── Records ──
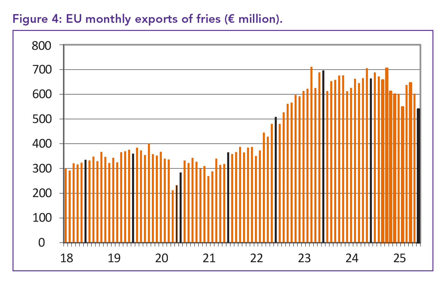 The EU frozen fry export market began the new season in July on a cautiously optimistic note, with global sales (excluding the United Kingdom [UK]) rising by 3 500 tonnes compared to June, reaching 153 288 tonnes – an increase of 7.8% year-on-year (YOY).
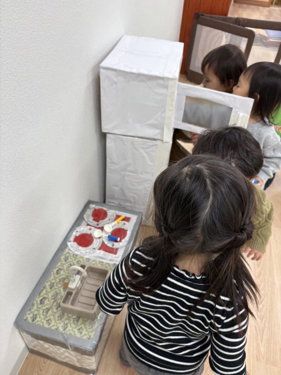新しい手作り玩具の電子レンジと冷蔵庫が大人気でした✨
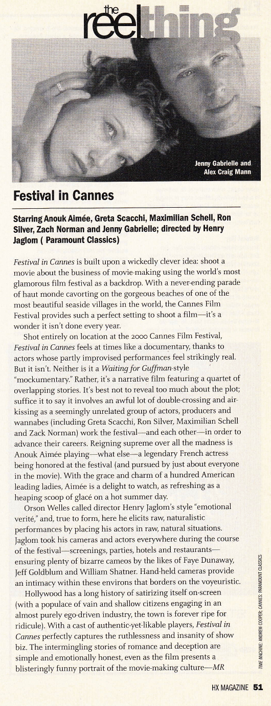 Shot entirely on location at the 2000 Cannes Film Festival, Festival in Cannes feels at times like a documentary, thanks to actors whose partly-improvised performances feel strikingly real. But it isn’t. Neither is it a Waiting for Guffman-style “mockumentary.” Rather, it’s a narrative film featuring a quartet of overlapping stories. It’s best not to reveal too much about the plot; suffice it to say it involves an awful lot of double-crossing and air-kissing as a seemingly unrelated group of actors, producers and wannabes (including Greta Scacchi, Ron Silver, Maximilian Schell and Zack Norman) work the festival – and each other – in order to advance their careers. Reigning supreme over all the madness is Anouk Aimée playing – what else – a legendary French actress being honored at the festival (and pursued by just about everyone in the movie). With the grace and charm of a hundred American leading ladies, Aimée is a delight to watch, as refreshing as a heaping scoop of glace on a hot summer day.
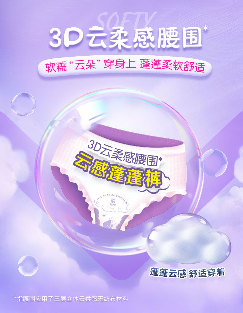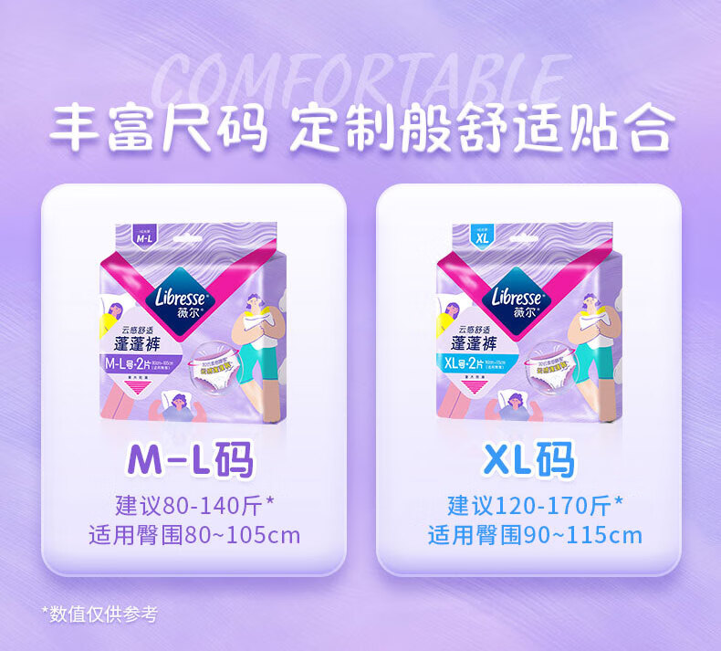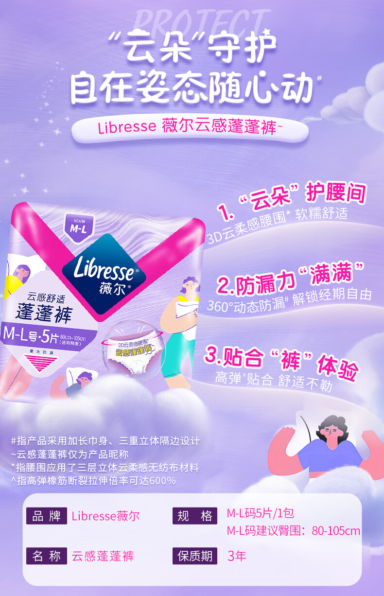 薇尔云感蓬蓬裤贴合加长防漏M-L码5片安睡裤京东自营姨妈巾
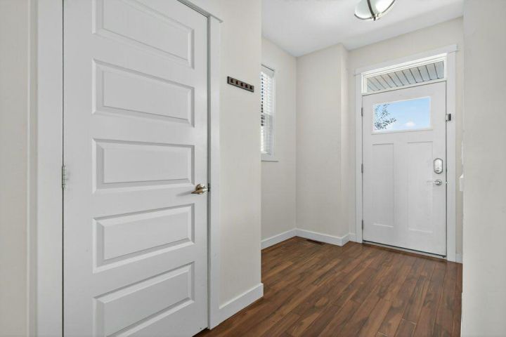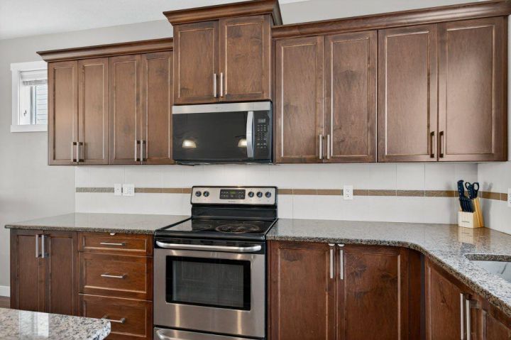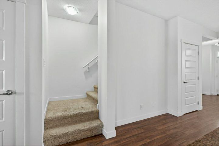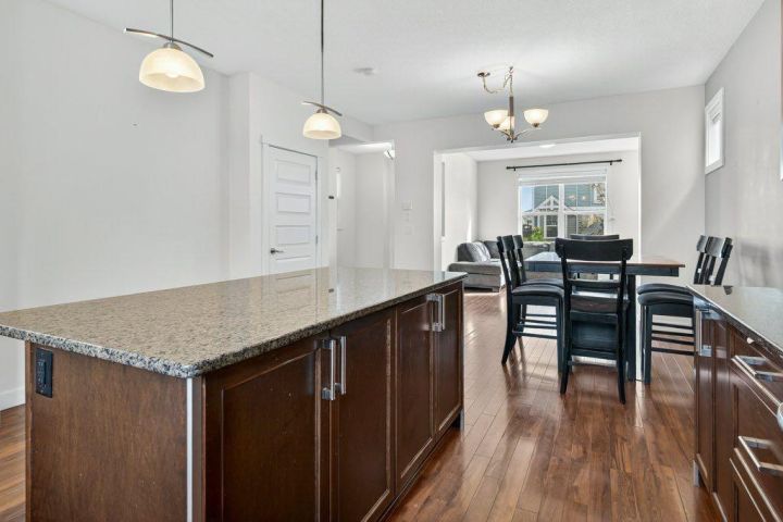 ntroducing this adorable former show home in the highly sought-after community of Williamstown! Tucked away on a quiet close with no through roads and backing onto peaceful farmers’ fields, this home offers a perfect blend of style, comfort, and tranquility. Step inside to discover an open, inviting layout ideal for entertaining or relaxing with family. The main floor features durable laminate flooring, 9-foot ceilings, and a bright dining area filled with natural light and designer touches. The cozy living room fireplace creates a warm ambiance, while the massive kitchen island is perfect for baking, breakfast, or gathering with friends. With modern cabinetry and plenty of storage, this kitchen truly stands out. Upstairs, enjoy the spacious primary retreat complete with a large walk-in closet and a luxurious ensuite featuring a soaker tub and stand-alone shower. The upper-level laundry adds everyday convenience, and two additional bedrooms plus a full bathroom complete this level. The fully finished basement offers extra living space, perfect for a family room, home office, or gym. The fenced backyard includes a concrete pad ready for a future double garage, with paved alley access for additional parking. With 4 bedrooms, 3.5 bathrooms, and no neighbors behind, this charming home has it all, close to schools, shopping, playgrounds, and walking paths. This is the one you’ve been waiting for!
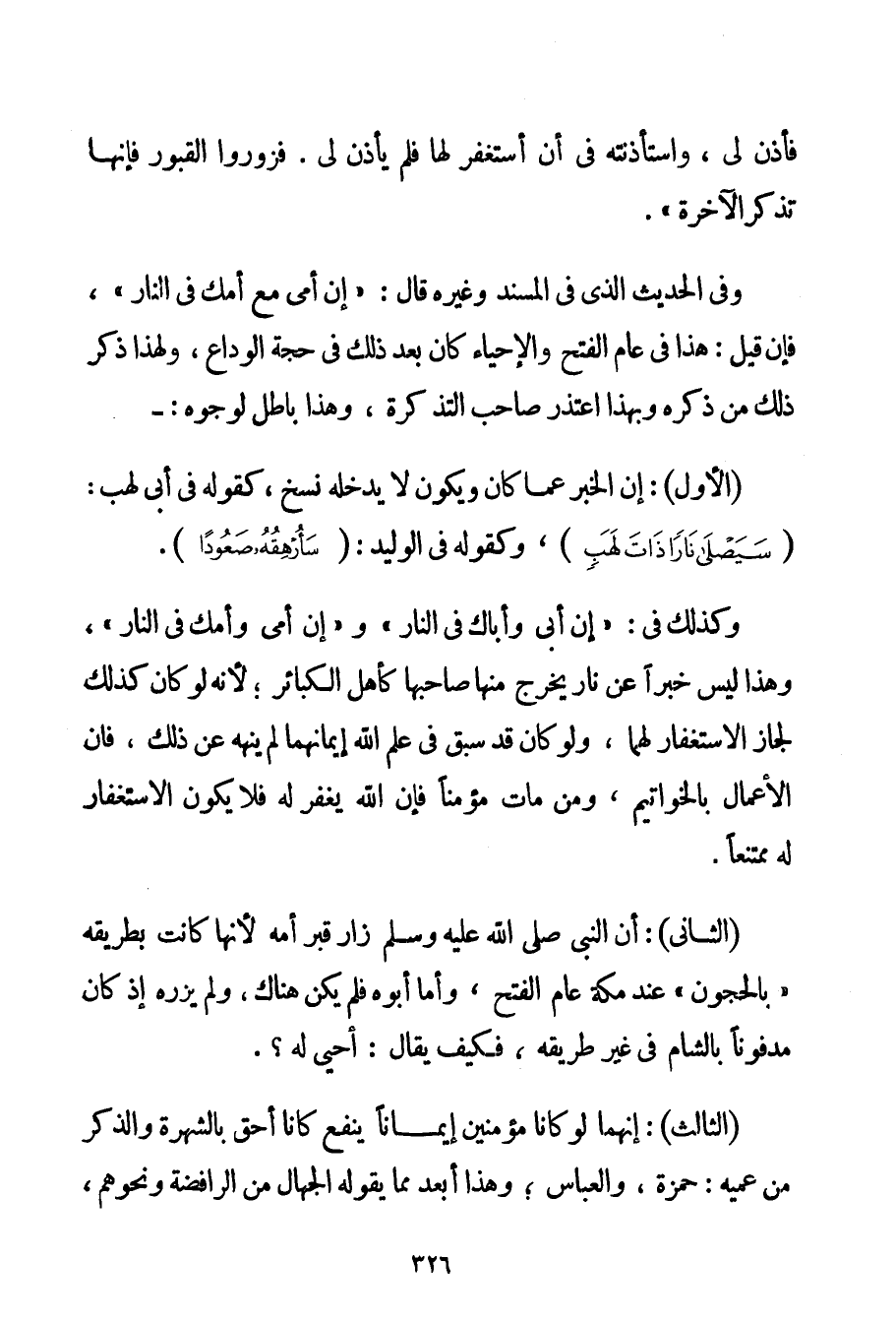 فَأَذِنَ لِي وَاسْتَأْذَنْته فِي أَنْ أَسْتَغْفِرَ لَهَا فَلَمْ يَأْذَنْ لِي. فَزُورُوا الْقُبُورَ فَإِنَّهَا تُذَكِّرُ الْآخِرَةَ} ". وَفِي الْحَدِيثِ الَّذِي فِي الْمُسْنَدِ وَغَيْرِهِ قَالَ: " {إنَّ أُمِّي مَعَ أُمِّك فِي النَّارِ} " فَإِنْ قِيلَ: هَذَا فِي عَامِ الْفَتْحِ وَالْإِحْيَاءِ كَانَ بَعْدَ ذَلِكَ فِي حَجَّةِ الْوَدَاعِ وَلِهَذَا ذَكَرَ ذَلِكَ مَنْ ذَكَرَهُ وَبِهَذَا اعْتَذَرَ صَاحِبُ التَّذْكِرَةِ وَهَذَا بَاطِلٌ لِوُجُوهِ: - (الْأَوَّلُ: إنَّ الْخَبَرَ عَمَّا كَانَ وَيَكُونُ لَا يَدْخُلُهُ نَسْخٌ كَقَوْلِهِ فِي أَبِي لَهَبٍ: {سَيَصْلَى نَارًا ذَاتَ لَهَبٍ} وَكَقَوْلِهِ فِي الْوَلِيدِ: {سَأُرْهِقُهُ صَعُودًا} . وَكَذَلِكَ فِي: " {إنَّ أَبِي وَأَبَاك فِي النَّارِ} " وَ " {إنَّ أُمِّي وَأُمَّك فِي النَّارِ} " وَهَذَا لَيْسَ خَبَرًا عَنْ نَارٍ يَخْرُجُ مِنْهَا صَاحِبُهَا كَأَهْلِ الْكَبَائِرِ؛ لِأَنَّهُ لَوْ كَانَ كَذَلِكَ لَجَازَ الِاسْتِغْفَارُ لَهُمَا وَلَوْ كَانَ قَدْ سَبَقَ فِي عِلْمِ اللَّهِ إيمَانُهُمَا لَمْ يَنْهَهُ عَنْ ذَلِكَ فَإِنَّ الْأَعْمَالَ بِالْخَوَاتِيمِ وَمَنْ مَاتَ مُؤْمِنًا فَإِنَّ اللَّهَ يَغْفِرُ لَهُ فَلَا يَكُونُ الِاسْتِغْفَارُ لَهُ مُمْتَنِعًا. (الثَّانِي: أَنَّ النَّبِيَّ صَلَّى اللَّهُ عَلَيْهِ وَسَلَّمَ زَارَ قَبْرَ أُمِّهِ لِأَنَّهَا كَانَتْ بِطَرِيقِهِ " بِالْحَجُونِ " عِنْدَ مَكَّةَ عَامَ الْفَتْحِ وَأَمَّا أَبُوهُ فَلَمْ يَكُنْ هُنَاكَ وَلَمْ يَزُرْهُ إذْ كَانَ مَدْفُونًا بِالشَّامِ فِي غَيْرِ طَرِيقِهِ فَكَيْفَ يُقَالُ: أُحْيِيَ لَهُ؟ . (الثَّالِثُ: إنَّهُمَا لَوْ كَانَا مُؤْمِنَيْنِ إيمَانًا يَنْفَعُ كَانَا أَحَقّ بِالشُّهْرَةِ وَالذِّكْرِ مِنْ عَمَّيْهِ: حَمْزَةَ وَالْعَبَّاسِ؛ وَهَذَا أَبْعَد مِمَّا يَقُولُهُ الْجُهَّالُ مِنْ الرَّافِضَةِ وَنَحْوِهِمْ
───
▶ _Work to complete_
Give the lines exactly, from the first line of the entries to the line with "新しい手作り玩具の電子レンジと冷蔵庫が大人気でした✨", both ends included. Skip the pictures.

▶ _Solution_
 The EU frozen fry export market began the new season in July on a cautiously optimistic note, with global sales (excluding the United Kingdom [UK]) rising by 3 500 tonnes compared to June, reaching 153 288 tonnes – an increase of 7.8% year-on-year (YOY).
新しい手作り玩具の電子レンジと冷蔵庫が大人気でした✨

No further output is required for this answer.